Страшный зуд овладел полковником. Он знал, что этого делать нельзя, что глупо просто позвонить в дверь, что Ратмэн вооружен, что нужно было бы найти какое-нибудь помещение напротив окон квартиры и попытаться застрелить его через окно, но на все это нужно время, время. А времени не было. Он слышал, как оно текло с дьявольской быстротой, булькало и клокотало, как струи горной речушки. Откладывать было нельзя.
— Поехали, — сказал он лейтенанту и встал из-за стола. — Возьмите оружие.
— Не могу, сэр, — сказал портье. — У нас приличный дом, и я не могу пропустить вас к мисс Хиджер без телефонного звонка.
— Попросите ее спуститься вниз, — сказал полковник Ларр и с ненавистью посмотрел на прилизанного портье, который распространял вокруг себя тошнотворные волны какого-то сладкого дезодоранта.
— Не могу, сэр, — строго сказал портье и выразительно посмотрел на газету, которая лежала у него на столе, под крупным заголовком было фото перевернутого автомобиля.
— Вот, — полковник протянул ему купюру в двадцать пять долларов. — Придумайте что-нибудь.
— Я… я не знаю, — уже менее уверенно пробормотал портье.
— Вот вам еще двадцать пять, и если вы будете кочевряжиться, я добавлю кое-что еще, — очень спокойно и четко сказал полковник и достал из кармана пистолет.
Портье долго пытался что-то проглотить, и кадык его над воротничком рубашки дергался судорожно и смешно.
— Может быть, мы поднимемся к ней, я позвоню…
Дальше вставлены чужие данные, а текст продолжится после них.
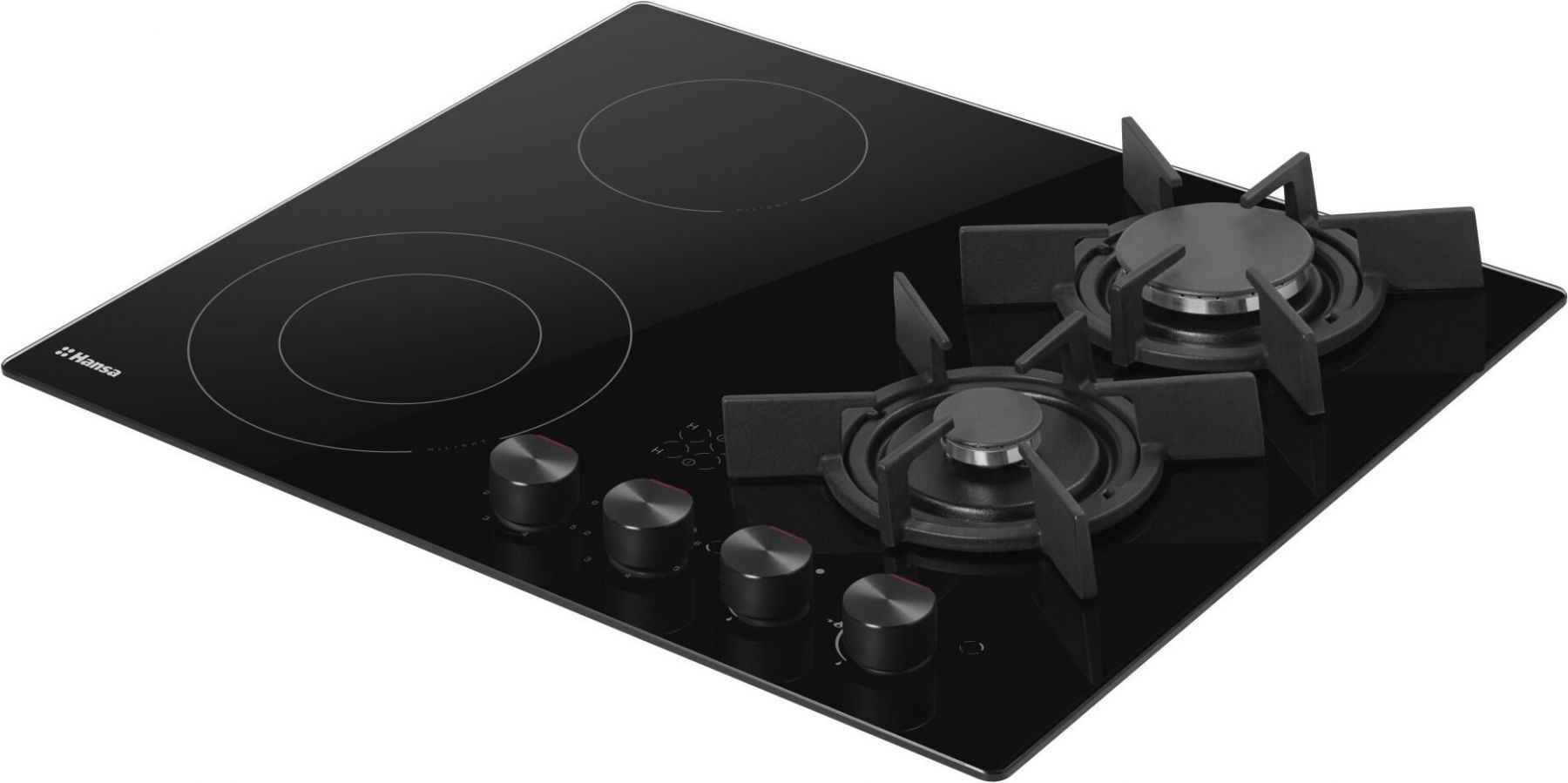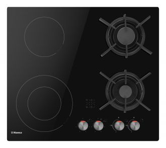 Варильна поверхня Hansa комбінована (2 газ + 2 електро), 59,2см, розширена зона, чавун, чорний

— Скажите, что ей телеграмма.
— Она не поверит.
— Почему? Она же знает ваш голос?
— Да, конечно, но она… как бы это выразить… она очень одинокий человек. Я и припомнить не могу, чтобы она получала телеграммы. Я лучше напомню ей, что завтра срок уплаты за квартиру. Она всегда платит аккуратно и удивится, конечно.
— Но она откроет дверь?
— Думаю, да. Если вы будете молчать, конечно.
Они поднялись на шестой этаж. Господи, сделай так, чтобы эта баба открыла дверь и чтобы Ратмэн сидел в шлепанцах перед телевизором. Сделай так, боже.
Полковник и лейтенант прижались к стене, и портье нажал на кнопку звонка. В глубине квартиры послышался звонок, шаги, и женский голос спросил из-за двери:
— Кто там?
— Это я, Кассель, мисс Мартин.
— Да, я вижу. Что случилось?
— Завтра срок квартирной платы, и я хотел…
— Что вы мелете? — раздраженно сказала мисс Мартин. — Я уплатила еще позавчера.
— Гм… это какое-то недоразумение. Можете вы показать мне чек?
— Сейчас.
Она, очевидно, отошла, но вскоре вернулась, защелкала замками и засовами и наконец приоткрыла дверь.
— Вот, — недовольно сказала она и протянула квитанцию. Должно быть, она держалась одной рукой за дверь, потому что, когда полковник изо всех сил дернул ее на себя, мисс Мартин с криком упала на лестничную клетку.
— Что такое, Хиджер? — послышался мужской голос, и полковник Ларр дважды выстрелил в появившегося в прихожей Ратмэна.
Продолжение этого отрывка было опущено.